On Wed, Jan 08, 2025 at 05:25:24PM -0500, Andres Freund wrote:
> On 2025-01-08 16:01:19 -0600, Nathan Bossart wrote:
>> But I did retry my test from upthread without pg_stat_statements and was
>> surprised to find a reproducible 4-6% regression.
>
> Uh, huh. I assume this was readonly pgbench with 256 clients just as you had
> tested upthread? I don't think there's any hot spinlock meaningfully involved
> in that workload? A r/w workload is a different story, but upthread you
> mentioned select-only.
>
> Do you see any spinlock in profiles?
Yes, this was using 256 clients. Looking closer, I don't see anything
spinlock related anywhere near the top of perf.
>> I'm not seeing any obvious differences in perf, but I do see that the thread
>> for adding TAS_SPIN() for PPC mentions a regression at lower contention
>> levels [0]. Perhaps the non-locked test is failing often enough to hurt
>> performance in this case... Whatever it is, it'll be mighty frustrating to
>> miss out on a
>> >7x gain because of a 4% regression.
>
> I don't think the explanation can be that simple - even with TAS_SPIN defined,
> we do try to acquire the lock once without using TAS_SPIN:
>
> #if !defined(S_LOCK)
> #define S_LOCK(lock) \
> (TAS(lock) ? s_lock((lock), __FILE__, __LINE__, __func__) : 0)
> #endif /* S_LOCK */
>
> Only s_lock() then uses TAS_SPIN(lock).

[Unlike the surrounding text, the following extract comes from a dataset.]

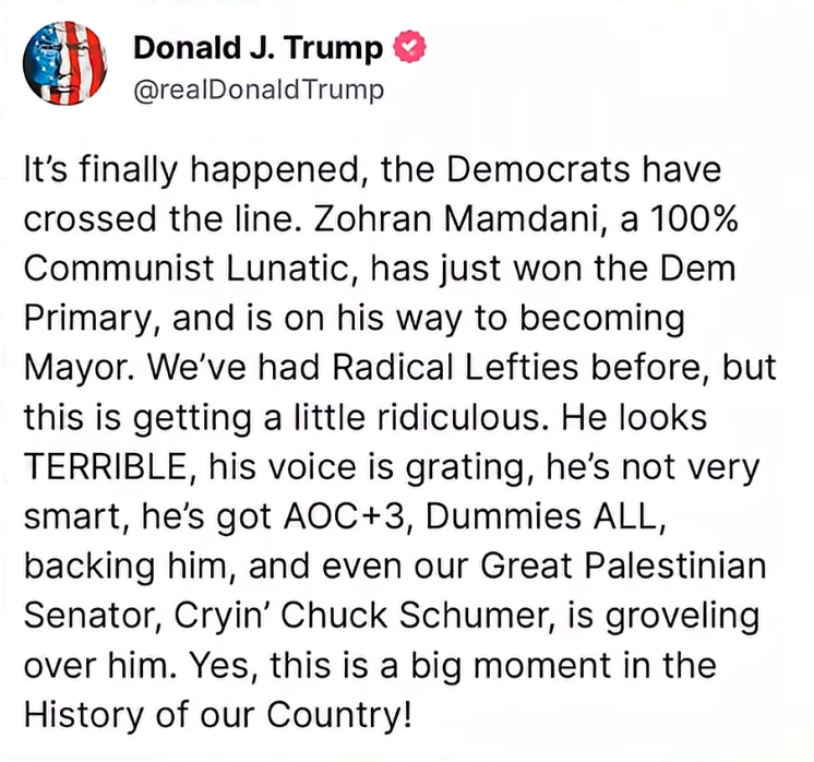 Many politicians on “the left” are not even deemed worthy of receiving derogatory nickname from President Trump. They are viewed as inconsequential. Mamdani has received one of the strongest criticisms (endorsements) ever issued by Trump. The statement is shown below and followed by a translation.

Ah, right. FWIW I tried setting a cap on the number of times we do a
non-locked test, and the results still showed the regression, which seems
to match your intuition here.
> I wonder if you're hitting an extreme case of binary-layout related effects?
> I've never seen them at this magnitude though. I'd suggest using either lld
> or mold as linker and comparing the numbers for a few
> -Wl,--shuffle-sections=$seed seed values.
Will do.
--
nathan